§ Assignment
Using the listing below, set down exactly the lines from the one that contains "Это напрямую влияет" through the one that contains "无锡市明珠电缆有限公司于今年5月初顺利通过能源管理体系审核,并取得证书。", with no pictures.

§ Data for processing
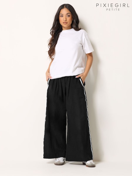PixieGirl Petite Black Linen Blend Side Stripe Wide Leg Trousers
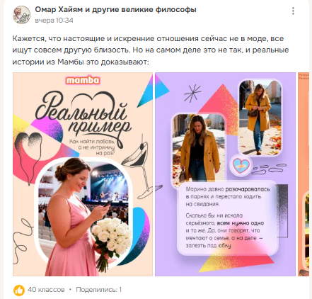 Это напрямую влияет на эффективность рекламы: даже рекламные посты чаще читают, если они встроены в общий контекст ленты.
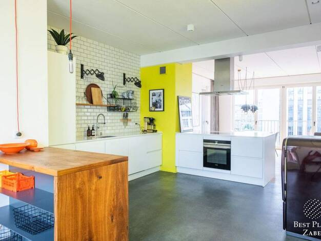 Das Penthouse verbindet klare Architektur mit einer Lage am Schnittpunkt von Mitte und Kreuzberg. Sichtbeton, freigelegte Ziegel und Stahl-Glas-Elemente prägen den offenen Grundriss und geben der Woh...
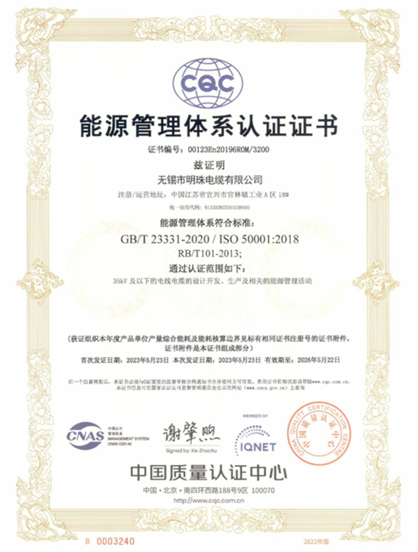 无锡市明珠电缆有限公司于今年5月初顺利通过能源管理体系审核,并取得证书。
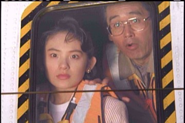 This shot is from Godzilla vs King Ghidorah and features Miki with Professor Mazaki, the dinosaur expert. While his part was effectively over in the first third of the movie he still inexplicably hung around for the rest of the movie for seemingly no other reason than to exchange dialogue with Miki. Here he and Miki look appropriately surprised when -in a burst of harp music- Godzilla makes his first appearance in the movie.
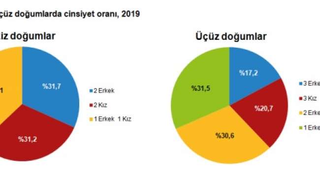 Üçüz doğumların 2019 yılında %31,5'inde bebeklerin biri erkek ikisi kız olurken %30,6'sında bebeklerin ikisi erkek biri kız oldu. Diğer taraftan, üçüz doğumların %20,7'sinde bebeklerin hepsi kız, %17,2'sinde ise bebeklerin hepsi erkek oldu.
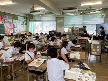 1組の国語科では、物語文「サーカスのライオン」を音読していました。
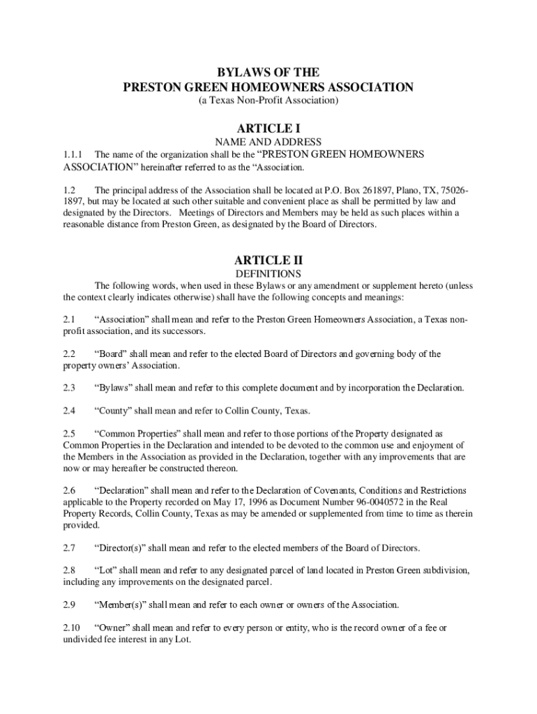 Get the free Bylaws of the Preston Green Homeowners Association
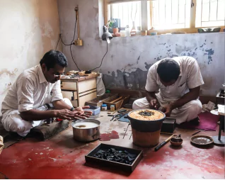 Our Dhokra art pieces are crafted using black mud, rice husk, beeswax, green bean leaves, and metals like brass, ensuring authenticity, uniqueness and sustainability in every creation.
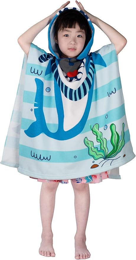 - 【Multi Uses】There's enough room to wrap around and cuddle up in. This poncho beach towels for kids are designed to dry their body or keep warm for kids, girls, and boys. It’s great for after the beach, pool, or bath, as well as to cover up before and after swim lessons. The size is 24"W x 24"L for kids around 27" to 46" height.
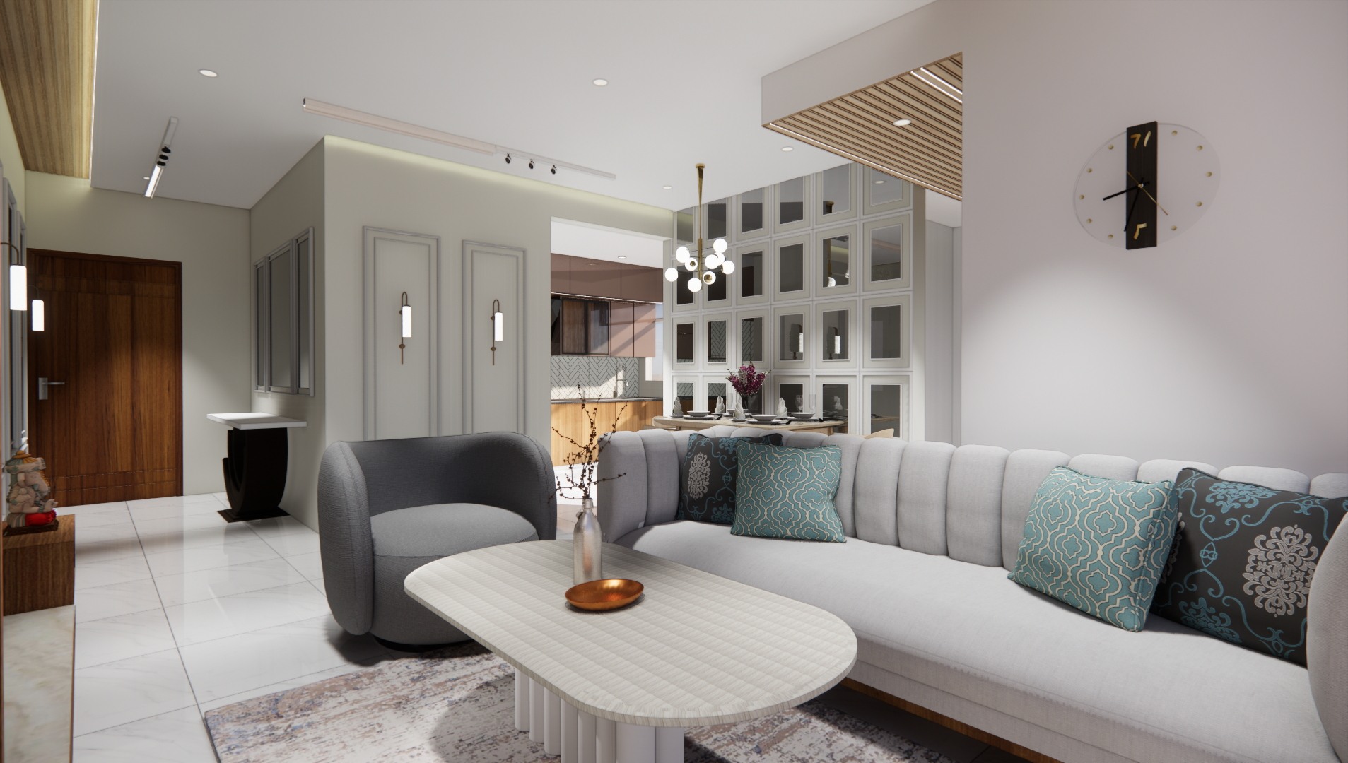 The goal was to create a lively yet practical interior, focusing on space optimization, contemporary decor, and personal touches that reflect Mr. Sandeep’s dynamic personality.
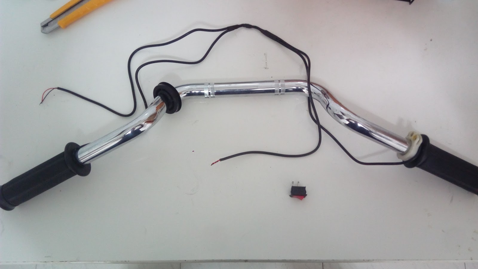 Lo siguiente que hice fue poner cinta aislante en el manillar izquierdo. La idea es aislar (aunque sea mínimamente) el calentador del metal, para que no se pierda todo el calor por el manillar. También vale con funda termorretráctil si tienes.

§ Task answer
 Это напрямую влияет на эффективность рекламы: даже рекламные посты чаще читают, если они встроены в общий контекст ленты.
 Das Penthouse verbindet klare Architektur mit einer Lage am Schnittpunkt von Mitte und Kreuzberg. Sichtbeton, freigelegte Ziegel und Stahl-Glas-Elemente prägen den offenen Grundriss und geben der Woh...
 无锡市明珠电缆有限公司于今年5月初顺利通过能源管理体系审核,并取得证书。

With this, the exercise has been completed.